En su sueño, había visto en las islas unas cañas o hierbas de unos quince metros de altura, cuyos tallos de color pardo eran más gruesos de lo que podían abarcar sus brazos, y un mundo de hojas verdes que se extendía hacia el Sol desde las mil ramas ascendentes. Sobre aquellos tallos podía un hombre desplazarse por encima del mar. Pero en su país no crecían ni habían crecido nunca plantas como aquéllas, aunque en Heights Hall había un cuchillo cuyo mango era de un material marrón y opaco del que se decía que procedía de una planta que crecía en algún otro país y que se llamaba madera. Pero él no podía cabalgar por el mar rugiente montado en el mango de un cuchillo.

Tal vez los pellejos de animales, engrasados, pudiesen flotar; pero los curtidores llevaban varias semanas sin trabajar, y no había pellejos en venta. Decidió dejar de buscar la ayuda de otros. Aquella mañana blanca y ventosa, llevó a la playa su carretilla y su capacho más grande, y los dejó en la quieta superficie del agua de una laguna. Vio que flotaban, pero, cuando apoyó en ellos una mano, se inclinaron, se llenaron de agua y se hundieron. Pensó que aquellos objetos eran demasiado ligeros.

Volvió al acantilado y a su casa. Cargó la carretilla de inútiles y bien hechos ladrillos, y los llevó a la playa. Como habían nacido tan pocos niños en los últimos años, no se vio rodeado de ninguna curiosidad infantil que le preguntase qué estaba haciendo, aunque uno o dos iracundos, aturdidos aún por la orgía destructiva de la noche anterior, le miraron de soslayo desde un obscuro portal, a través del aire luminoso. 

Pasó todo el día bajando a la playa ladrillos y los elementos necesarios para el mortero, y a la mañana siguiente, aunque no había vuelto a tener aquel sueño, empezó a colocar sus ladrillos en la playa de marzo, barrida por las ráfagas de viento, con lluvia y arena disponibles en grandes cantidades para endurecer el cemento. 
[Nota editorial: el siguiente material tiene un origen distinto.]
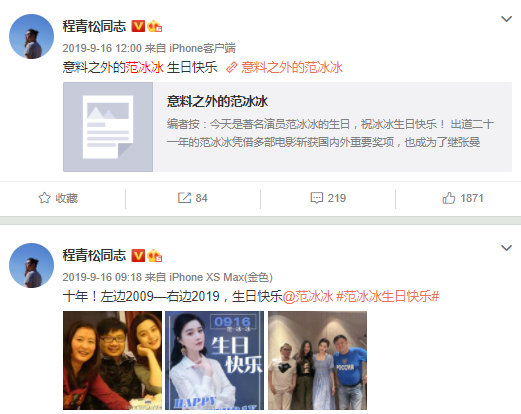 程青松的履历可谓非常丰富,他跟圈内不少艺人关系都不错,在范冰冰陷入负面风波后更是多次力挺她,还多次发文给范冰冰庆生。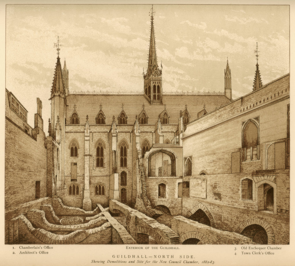 'Guildhall North Side', City of London, 1882-1883 (1886). Showing Demolitions and Site for the New Council Chamber, 1882-83. A print from Guildhall of the City of London: Its History and Associations, Corporation of the City of London, 1886.

Construyó una pequeña cúpula de ladrillo, ovalada, con los extremos puntiagudos, parecida a un pez, hecha de una sola hilada de ladrillos hábilmente dispuestos en espiral. Si una taza o una carretilla llenas de aire podían flotar, ¿por qué no podía flotar una cúpula de ladrillo? Y, además, sería resistente. Pero, cuando hubo fraguado el mortero, y cuando Lif, forzando su ancha espalda, volcó la cúpula y la empujó hasta la espuma blanca de los rompientes, se hundió más y más en la arena mojada, como una almeja o un mosquito de agua. Las olas la llenaron, y volvieron a llenarla cuando él la vació inclinándola, y por fin la atrapó una oleada verde en su poderosa resaca blanca, la volcó, la desintegró en sus ladrillos elementales y hundió éstos en la agitada arena.

Lif se quedó mojado hasta el cuello y enjugándose el rocío salado de los ojos. Al oeste, sobre el mar, no se veía otra cosa que restos de algas y unas nubes de lluvia. Pero las islas estaban allí. Lif las conocía, con sus grandes hierbas que tenían diez veces la altura de un hombre, sus solitarios campos dorados barridos por el viento del mar, sus pueblos blancos, sus colinas coronadas de blanco por encima del mar, y las voces de los pastores en las colinas.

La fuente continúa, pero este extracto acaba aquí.